En septembre 2020, des chercheur·ses de ISD ont identifié une nouvelle tendance à l’oeuvre dans les réseaux sociaux : l’émergence du terme “confinement climatique” (en anglais : « climate lockdown »). La flambée de l’usage de ce terme serait principalement liée aux climato-sceptiques, qui affirmaient que la pandémie de Covid-19 n’était que le premier épisode d’une future “tyrannie verte”, et que les gouvernements comme les élites mondiales allaient restreindre les libertés civiles sous prétexte de changement climatique. Au cours des huit mois suivants, des chercheur·ses ont mené une enquête détaillée sur l’émergence et la diffusion de plus en plus large de ce slogan via Twitter, Facebook et YouTube.
Quatre objectifs principaux à cela :
- Comprendre comment la notion de « confinement climatique » est construite dans le cadre de dynamiques socio-politiques plus larges ;
- En identifier les principaux promoteurs et caisses de résonance ;
- Établir quels sont les points de rencontre avec d’autres groupes et mouvements étudiés par ISD (par exemple, les anti-confinements ; anti-vaccins ; extrême-droite ; conspirationnistes)
- Évaluer les possibles influences de cette tendance sur le débat plus général autour du changement climatique.
Ce rapport détaille chronologiquement la prise d’ampleur et l’évolution du terme « confinement climatique » et s’organise en deux sections. La première souligne la façon dont ce discours émerge et est réinterprété par des acteurs malveillants à mesure qu’il s’est diffusé sur différentes plateformes de réseaux sociaux. La deuxième montre comment, début 2021, les faux-pas des médias « libéraux » ont ravivé ce discours et lui ont permis de se mélanger à d’autres théories conspirationnistes pré-existantes – pour devenir, en dernière instance, un discours plus général centré sur le rejet des élites.
Le rapport conclut sur de potentielles leçons à tirer pour la communication autour du changement climatique, a fortiori avec l’imminence d’événements mondiaux comme la COP26, ou de nombreuses élections nationales et régionales.
« Confinement climatique » : il ne s’agit pas d’une histoire de menaces extérieures à un discours populaire, mais un exemple du fait que n’importe quel message peut être instrumentalisé par ceux qui cherchent à causer des dommages – soit pour tirer profit de la désinformation et de la rage créée de toute pièce, pour alimenter la méfiance dans les institutions, ou pour confirmer l’existence de biais au sujet de certains groupes ou certaines causes. La lutte contre le changement climatique se voit contrainte de jouer à l’équilibriste sur une corde de plus en plus raide : mettre en évidence les enjeux à agir sans prendre des tonalités trop apocalyptiques ou impitoyables, et apporter des preuves qui soutiennent des programmes ambitieux sans attiser les craintes et les frustrations liées au Covid-19.
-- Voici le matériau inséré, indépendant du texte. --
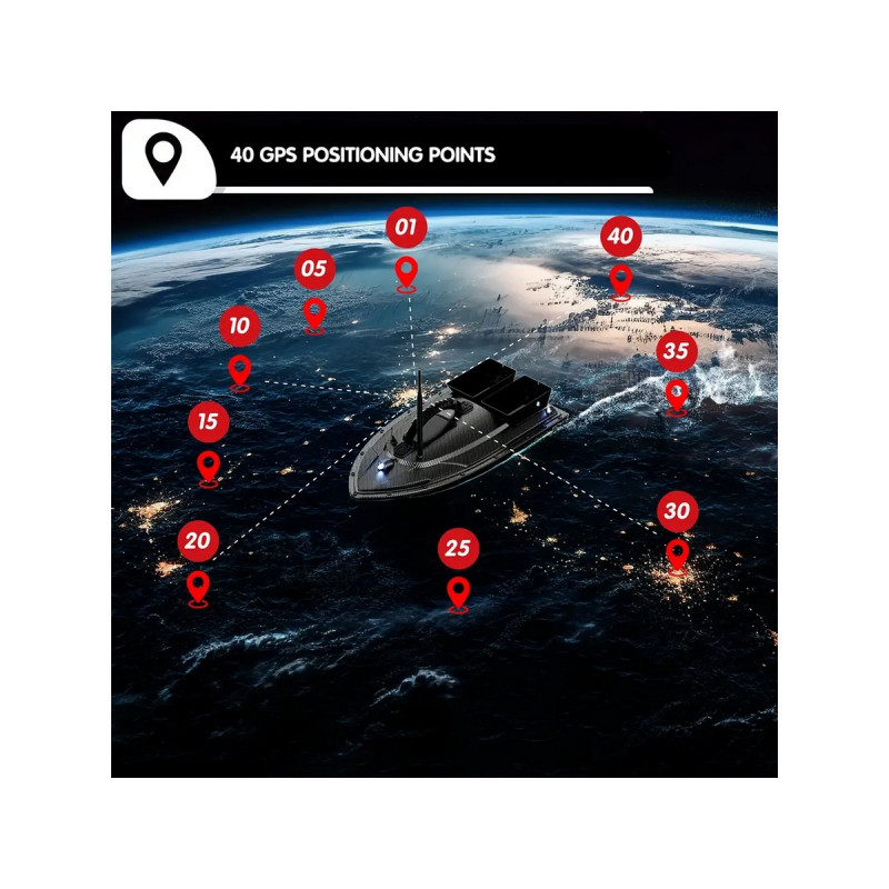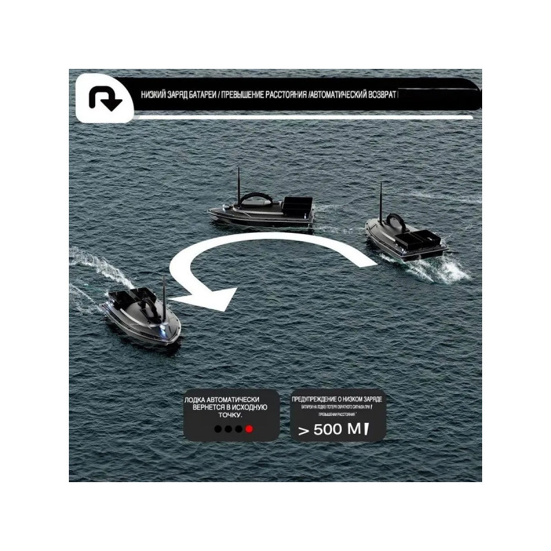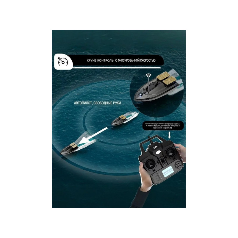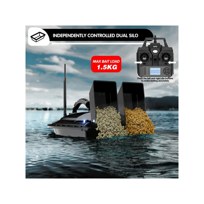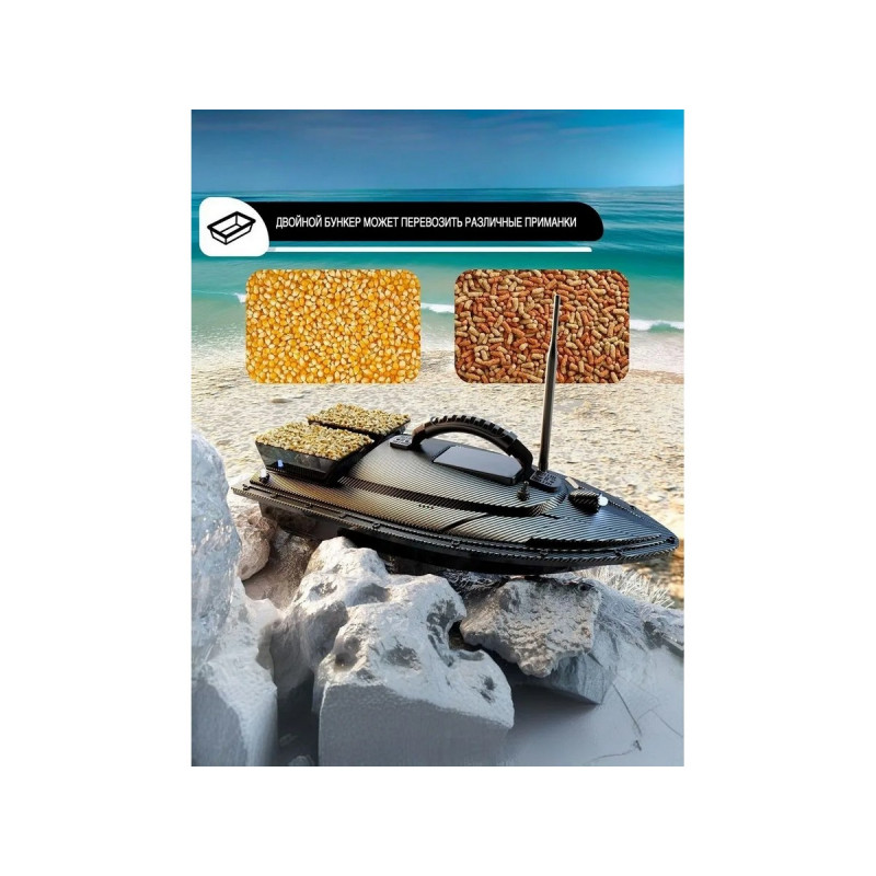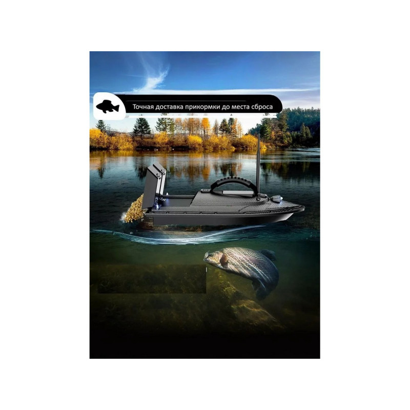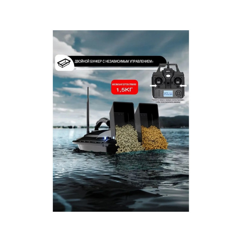 Система GPS и автопилот: Позволяет сохранять до 40 точек позиционирования. Кораблик может автоматически возвращаться в исходную точку при потере сигнала, низком заряде батареи или по команде пользователя.Грузоподъемность: Оснащен двумя независимыми бункерами общей емкостью до 1,5 кг. Бункеры можно открывать по отдельности или одновременно.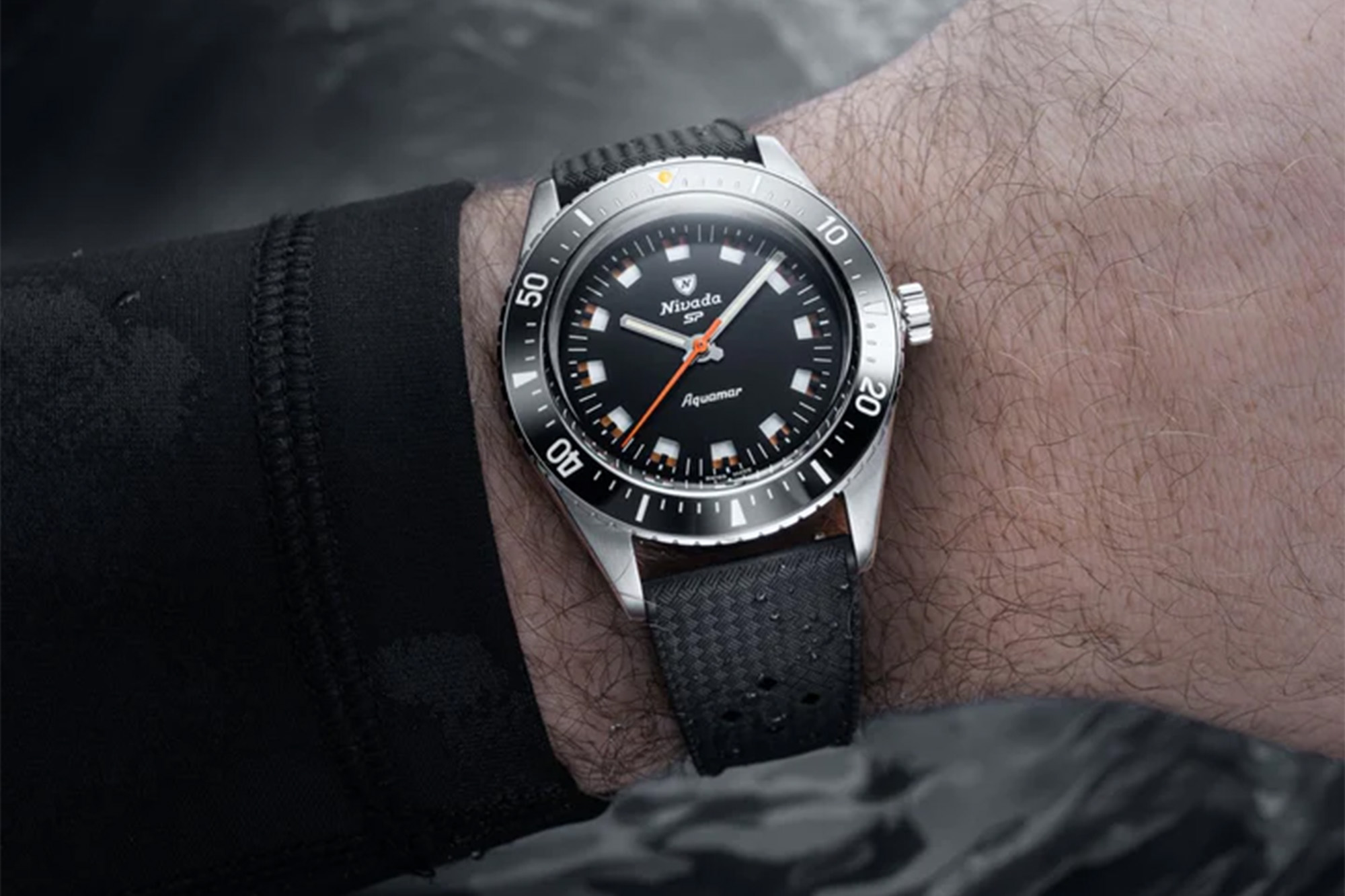 Housed in a perfectly balanced 38 mm stainless steel case with a bi-directional black ceramic bezel, double-domed sapphire crystal, and depth rating of 200 m, the Aquamar combines vintage sizing with professional specs. Inside beats the Swiss Soprod P024 automatic movement (28,800 vph), offering hacking seconds, a 38-hour power reserve, and reliability fit for modern explorers.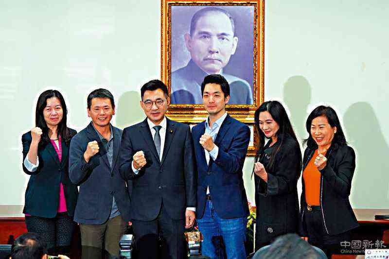 圖:國(guó)民黨立院黨團(tuán)總召林為洲(左2)、書記長(zhǎng)蔣萬安(右3)等人與新任黨主席江啟臣(左3)合影\中央社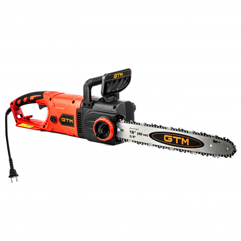 GTM CS16/2000ТН - продуктивна електропила побутового класу, призначена для обрізання саду, заготівлі дров, столярних та теслярських робіт по будинку. Інструмент обладнаний електричним двигуном потужністю 2000 Вт. Відсутність вихлопів дозволяє працювати з інструментом навіть у приміщенні. Пила комплектується шиною довжиною 40 см і фірмовим ланцюгом з кроком 3/8 дюйма, що рухається зі швидкістю 13.5 м/с. Для збільшення безпеки користувача в конструкції є плавний запуск інструменту, а також швидкий доступ до щіток для заміни.

Les principaux résultats de cette recherche, présentés en détail dans le rapport, sont les suivants :
- Les négationnistes du climat les plus engagé·es ont essayé de médiatiser le terme « confinement climatique » depuis mars 2020, sans succès ou presque sur les réseaux sociaux
- Le discours n’a commencé à décoller en ligne qu’après une série de gros titres et de posts malencontreux de la part d’institutions dominantes, dont des médias comme The Guardian ou encore de think-tank internationaux comme le Forum Économique Mondial, en apportant de l’eau au moulin à l’écosystème des médias réactionnaires.
- De ce fait, le terme « confinement climatique » ne rentre pas dans le cadre du phénomène récent, de la théorie complotiste qui prend de l’ampleur par le biais de plateformes ou de groupes marginaux, avant de se normaliser progressivement. Au contraire, ce discours a été réapproprié par des médias et des commentateurs d’extrême-droite seulement après les citations trompeuses de ce qui est perçu comme ‘l’establishment libéral’.
- Une fois que le terme a capté l’attention du public, il a rapidement intégré le cadre pré-existant de la ‘guerre culturelle’ et de ses ramifications nationales. Ce phénomène est moins dû à des blogueurs marginaux qu’à des médias très visibles comme Fox News, qui a fait du « confinement climatique » un concept annonçant une tragédie autoritaire imminente. Ces derniers mois, de telles conceptions ont frayé leur chemin au milieu d’une série de mouvements conspirationnistes et d’extrême-droite, apparaissant récemment dans les forums du fameux culte QAnon.